Without the pictures, print each of the records below exactly as it appears.

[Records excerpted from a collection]
⟨
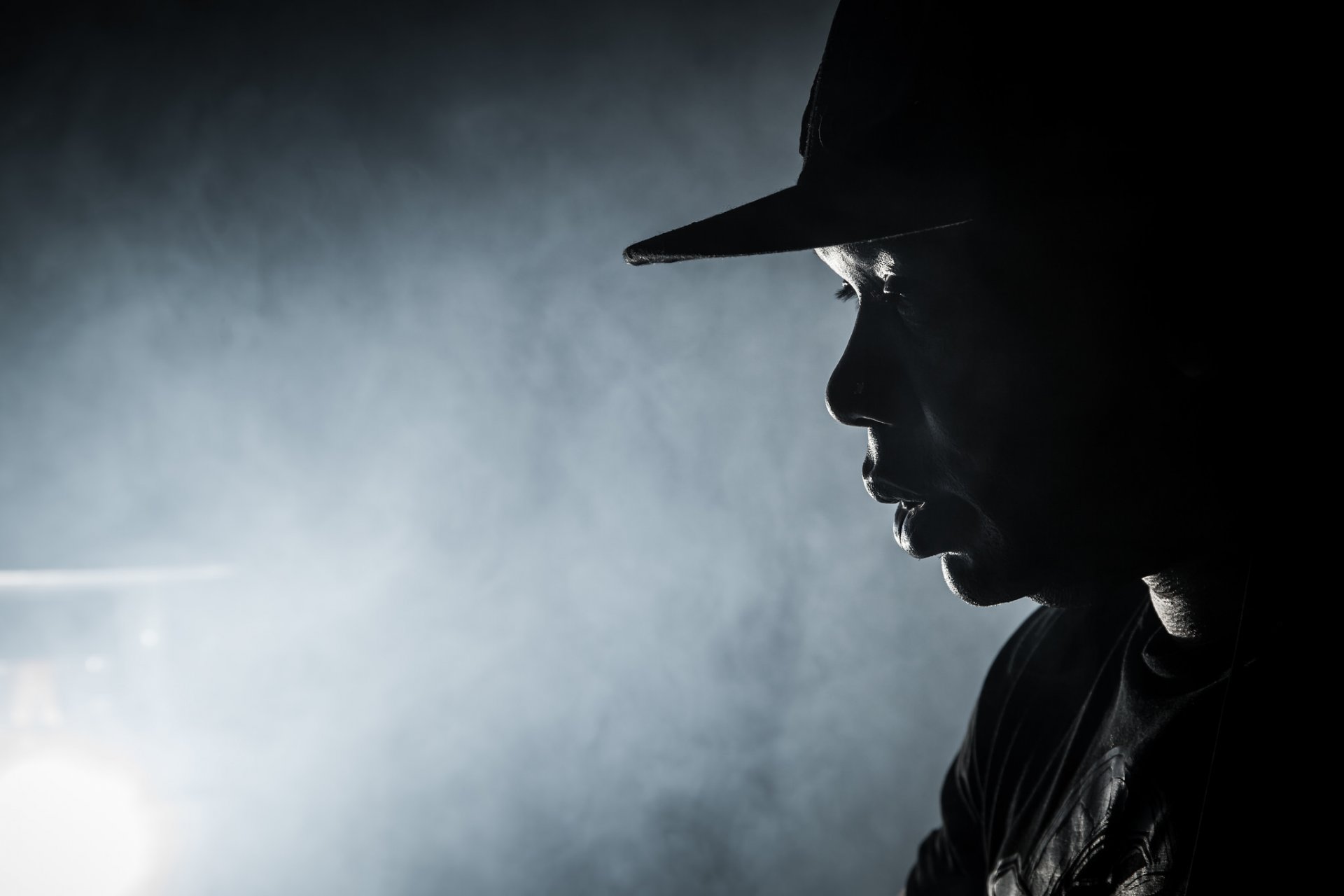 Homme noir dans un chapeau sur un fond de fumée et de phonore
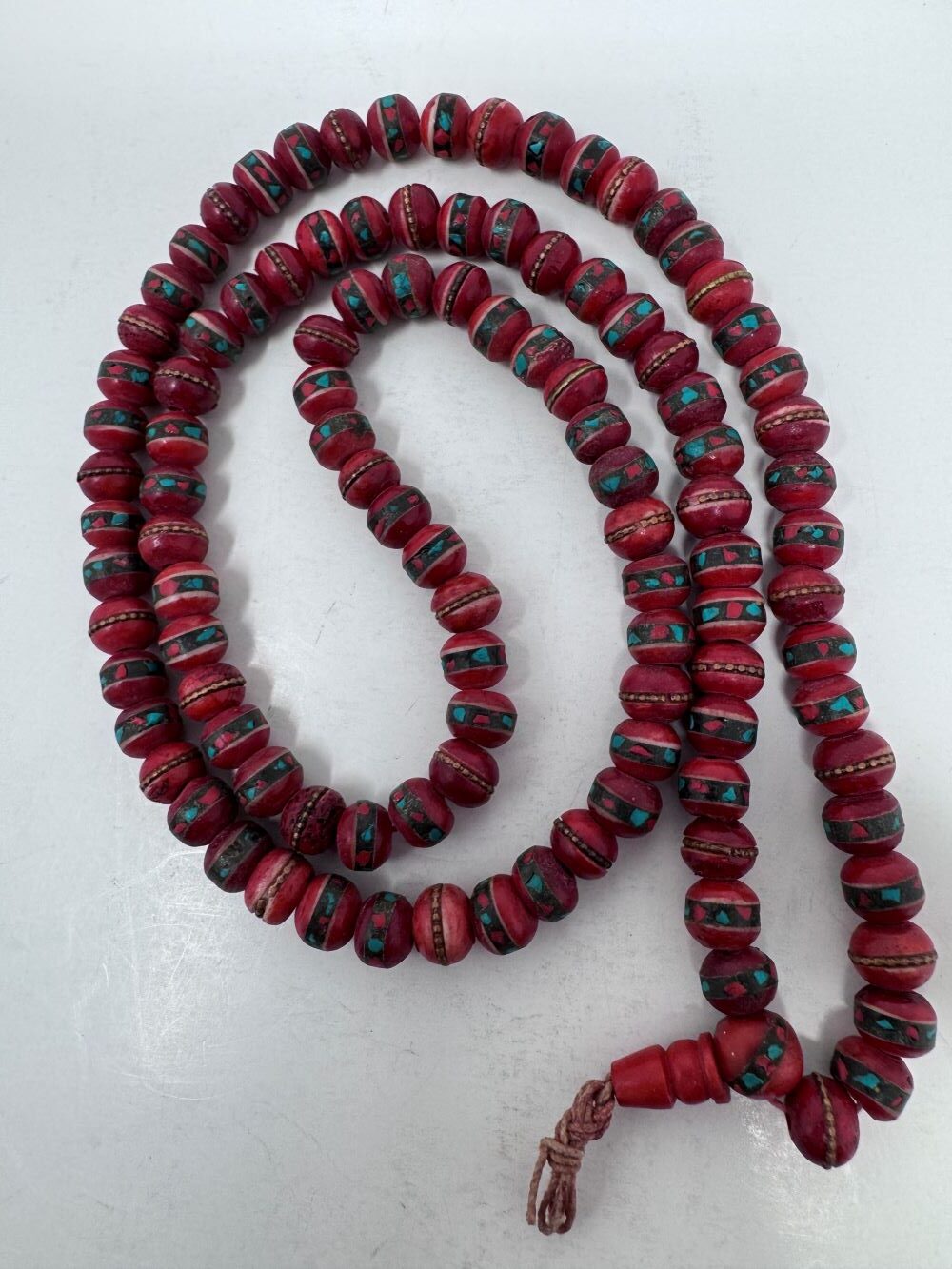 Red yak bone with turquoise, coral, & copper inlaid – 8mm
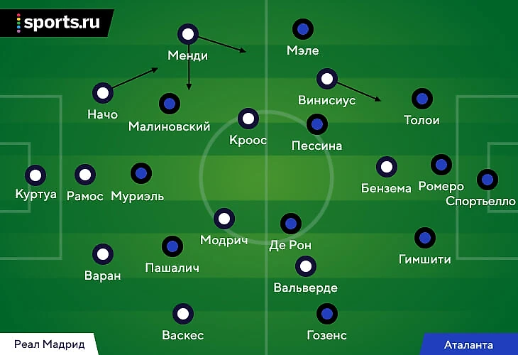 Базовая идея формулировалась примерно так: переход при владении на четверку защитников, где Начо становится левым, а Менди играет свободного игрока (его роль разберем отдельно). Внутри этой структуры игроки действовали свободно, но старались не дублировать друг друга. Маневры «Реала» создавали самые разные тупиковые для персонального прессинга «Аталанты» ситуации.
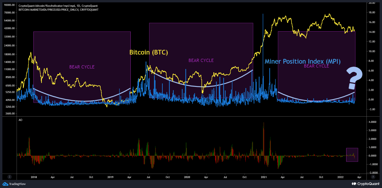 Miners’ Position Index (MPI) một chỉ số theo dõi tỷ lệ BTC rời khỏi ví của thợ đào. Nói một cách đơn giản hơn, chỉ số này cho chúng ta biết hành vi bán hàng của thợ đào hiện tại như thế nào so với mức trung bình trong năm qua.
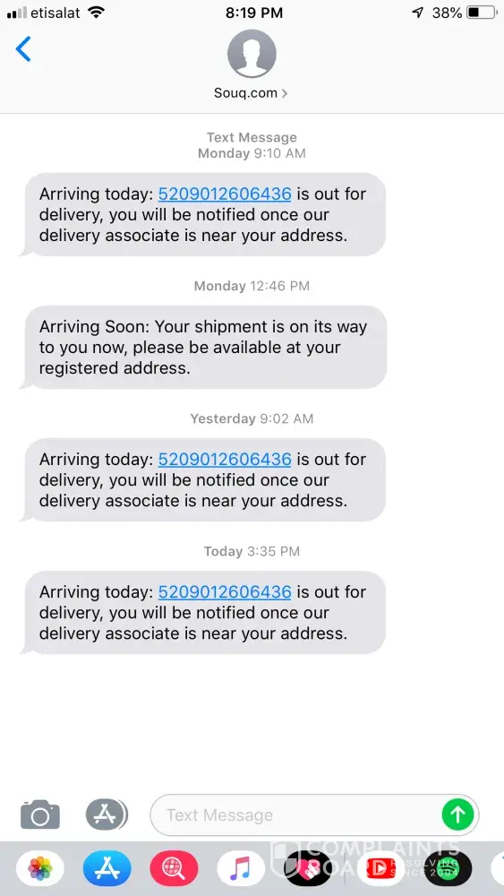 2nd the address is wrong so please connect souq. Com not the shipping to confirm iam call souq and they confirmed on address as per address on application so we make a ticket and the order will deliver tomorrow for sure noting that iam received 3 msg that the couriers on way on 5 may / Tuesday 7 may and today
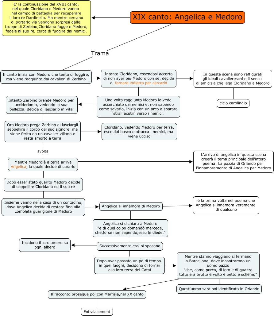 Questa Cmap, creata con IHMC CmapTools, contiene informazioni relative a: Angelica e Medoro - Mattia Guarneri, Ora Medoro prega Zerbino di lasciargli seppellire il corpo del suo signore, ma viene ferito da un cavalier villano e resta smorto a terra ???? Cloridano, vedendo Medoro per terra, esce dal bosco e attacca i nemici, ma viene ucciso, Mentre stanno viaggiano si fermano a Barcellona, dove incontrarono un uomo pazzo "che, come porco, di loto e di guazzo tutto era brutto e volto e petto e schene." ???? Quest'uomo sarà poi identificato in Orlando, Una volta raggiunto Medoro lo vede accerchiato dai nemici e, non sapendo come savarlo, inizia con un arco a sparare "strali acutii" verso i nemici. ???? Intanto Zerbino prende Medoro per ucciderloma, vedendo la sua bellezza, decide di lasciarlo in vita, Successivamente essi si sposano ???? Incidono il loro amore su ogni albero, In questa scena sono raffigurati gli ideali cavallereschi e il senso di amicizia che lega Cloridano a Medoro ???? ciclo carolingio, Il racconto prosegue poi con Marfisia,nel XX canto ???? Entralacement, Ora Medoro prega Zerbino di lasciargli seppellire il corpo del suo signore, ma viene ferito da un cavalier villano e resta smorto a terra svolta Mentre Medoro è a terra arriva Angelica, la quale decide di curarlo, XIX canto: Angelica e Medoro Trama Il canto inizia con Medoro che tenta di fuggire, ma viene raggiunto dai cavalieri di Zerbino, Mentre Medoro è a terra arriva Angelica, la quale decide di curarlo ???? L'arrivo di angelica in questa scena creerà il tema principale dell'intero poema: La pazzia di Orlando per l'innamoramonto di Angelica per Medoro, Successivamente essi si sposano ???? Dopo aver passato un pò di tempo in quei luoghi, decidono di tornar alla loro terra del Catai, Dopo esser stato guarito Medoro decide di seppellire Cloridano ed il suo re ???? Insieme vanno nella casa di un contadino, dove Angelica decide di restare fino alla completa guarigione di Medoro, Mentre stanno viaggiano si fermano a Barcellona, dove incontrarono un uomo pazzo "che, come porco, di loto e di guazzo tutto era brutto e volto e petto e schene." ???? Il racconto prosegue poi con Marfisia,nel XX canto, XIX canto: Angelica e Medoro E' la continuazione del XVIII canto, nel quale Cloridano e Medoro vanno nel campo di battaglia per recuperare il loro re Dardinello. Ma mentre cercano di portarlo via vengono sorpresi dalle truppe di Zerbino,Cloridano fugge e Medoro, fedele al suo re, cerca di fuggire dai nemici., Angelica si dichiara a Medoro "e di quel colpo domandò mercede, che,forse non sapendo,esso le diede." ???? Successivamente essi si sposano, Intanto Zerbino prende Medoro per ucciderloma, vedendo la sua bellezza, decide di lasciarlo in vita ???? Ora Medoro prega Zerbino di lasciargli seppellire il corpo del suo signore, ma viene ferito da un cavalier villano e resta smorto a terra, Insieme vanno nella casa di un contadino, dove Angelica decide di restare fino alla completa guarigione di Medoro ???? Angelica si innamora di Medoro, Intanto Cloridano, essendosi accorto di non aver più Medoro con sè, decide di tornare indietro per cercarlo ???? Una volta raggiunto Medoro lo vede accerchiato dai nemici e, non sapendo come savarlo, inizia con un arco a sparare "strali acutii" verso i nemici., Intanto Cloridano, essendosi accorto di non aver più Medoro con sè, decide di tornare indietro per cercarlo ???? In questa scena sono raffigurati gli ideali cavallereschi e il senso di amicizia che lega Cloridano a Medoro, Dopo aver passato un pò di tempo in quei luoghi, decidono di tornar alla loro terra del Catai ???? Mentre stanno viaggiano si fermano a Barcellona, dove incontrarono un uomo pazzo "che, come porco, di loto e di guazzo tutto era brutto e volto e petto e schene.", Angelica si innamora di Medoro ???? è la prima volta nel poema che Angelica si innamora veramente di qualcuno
⟩
◆ **Exercise result**
 Homme noir dans un chapeau sur un fond de fumée et de phonore
 Red yak bone with turquoise, coral, & copper inlaid – 8mm
 Базовая идея формулировалась примерно так: переход при владении на четверку защитников, где Начо становится левым, а Менди играет свободного игрока (его роль разберем отдельно). Внутри этой структуры игроки действовали свободно, но старались не дублировать друг друга. Маневры «Реала» создавали самые разные тупиковые для персонального прессинга «Аталанты» ситуации.
 Miners’ Position Index (MPI) một chỉ số theo dõi tỷ lệ BTC rời khỏi ví của thợ đào. Nói một cách đơn giản hơn, chỉ số này cho chúng ta biết hành vi bán hàng của thợ đào hiện tại như thế nào so với mức trung bình trong năm qua.
 2nd the address is wrong so please connect souq. Com not the shipping to confirm iam call souq and they confirmed on address as per address on application so we make a ticket and the order will deliver tomorrow for sure noting that iam received 3 msg that the couriers on way on 5 may / Tuesday 7 may and today
 Questa Cmap, creata con IHMC CmapTools, contiene informazioni relative a: Angelica e Medoro - Mattia Guarneri, Ora Medoro prega Zerbino di lasciargli seppellire il corpo del suo signore, ma viene ferito da un cavalier villano e resta smorto a terra ???? Cloridano, vedendo Medoro per terra, esce dal bosco e attacca i nemici, ma viene ucciso, Mentre stanno viaggiano si fermano a Barcellona, dove incontrarono un uomo pazzo "che, come porco, di loto e di guazzo tutto era brutto e volto e petto e schene." ???? Quest'uomo sarà poi identificato in Orlando, Una volta raggiunto Medoro lo vede accerchiato dai nemici e, non sapendo come savarlo, inizia con un arco a sparare "strali acutii" verso i nemici. ???? Intanto Zerbino prende Medoro per ucciderloma, vedendo la sua bellezza, decide di lasciarlo in vita, Successivamente essi si sposano ???? Incidono il loro amore su ogni albero, In questa scena sono raffigurati gli ideali cavallereschi e il senso di amicizia che lega Cloridano a Medoro ???? ciclo carolingio, Il racconto prosegue poi con Marfisia,nel XX canto ???? Entralacement, Ora Medoro prega Zerbino di lasciargli seppellire il corpo del suo signore, ma viene ferito da un cavalier villano e resta smorto a terra svolta Mentre Medoro è a terra arriva Angelica, la quale decide di curarlo, XIX canto: Angelica e Medoro Trama Il canto inizia con Medoro che tenta di fuggire, ma viene raggiunto dai cavalieri di Zerbino, Mentre Medoro è a terra arriva Angelica, la quale decide di curarlo ???? L'arrivo di angelica in questa scena creerà il tema principale dell'intero poema: La pazzia di Orlando per l'innamoramonto di Angelica per Medoro, Successivamente essi si sposano ???? Dopo aver passato un pò di tempo in quei luoghi, decidono di tornar alla loro terra del Catai, Dopo esser stato guarito Medoro decide di seppellire Cloridano ed il suo re ???? Insieme vanno nella casa di un contadino, dove Angelica decide di restare fino alla completa guarigione di Medoro, Mentre stanno viaggiano si fermano a Barcellona, dove incontrarono un uomo pazzo "che, come porco, di loto e di guazzo tutto era brutto e volto e petto e schene." ???? Il racconto prosegue poi con Marfisia,nel XX canto, XIX canto: Angelica e Medoro E' la continuazione del XVIII canto, nel quale Cloridano e Medoro vanno nel campo di battaglia per recuperare il loro re Dardinello. Ma mentre cercano di portarlo via vengono sorpresi dalle truppe di Zerbino,Cloridano fugge e Medoro, fedele al suo re, cerca di fuggire dai nemici., Angelica si dichiara a Medoro "e di quel colpo domandò mercede, che,forse non sapendo,esso le diede." ???? Successivamente essi si sposano, Intanto Zerbino prende Medoro per ucciderloma, vedendo la sua bellezza, decide di lasciarlo in vita ???? Ora Medoro prega Zerbino di lasciargli seppellire il corpo del suo signore, ma viene ferito da un cavalier villano e resta smorto a terra, Insieme vanno nella casa di un contadino, dove Angelica decide di restare fino alla completa guarigione di Medoro ???? Angelica si innamora di Medoro, Intanto Cloridano, essendosi accorto di non aver più Medoro con sè, decide di tornare indietro per cercarlo ???? Una volta raggiunto Medoro lo vede accerchiato dai nemici e, non sapendo come savarlo, inizia con un arco a sparare "strali acutii" verso i nemici., Intanto Cloridano, essendosi accorto di non aver più Medoro con sè, decide di tornare indietro per cercarlo ???? In questa scena sono raffigurati gli ideali cavallereschi e il senso di amicizia che lega Cloridano a Medoro, Dopo aver passato un pò di tempo in quei luoghi, decidono di tornar alla loro terra del Catai ???? Mentre stanno viaggiano si fermano a Barcellona, dove incontrarono un uomo pazzo "che, come porco, di loto e di guazzo tutto era brutto e volto e petto e schene.", Angelica si innamora di Medoro ???? è la prima volta nel poema che Angelica si innamora veramente di qualcuno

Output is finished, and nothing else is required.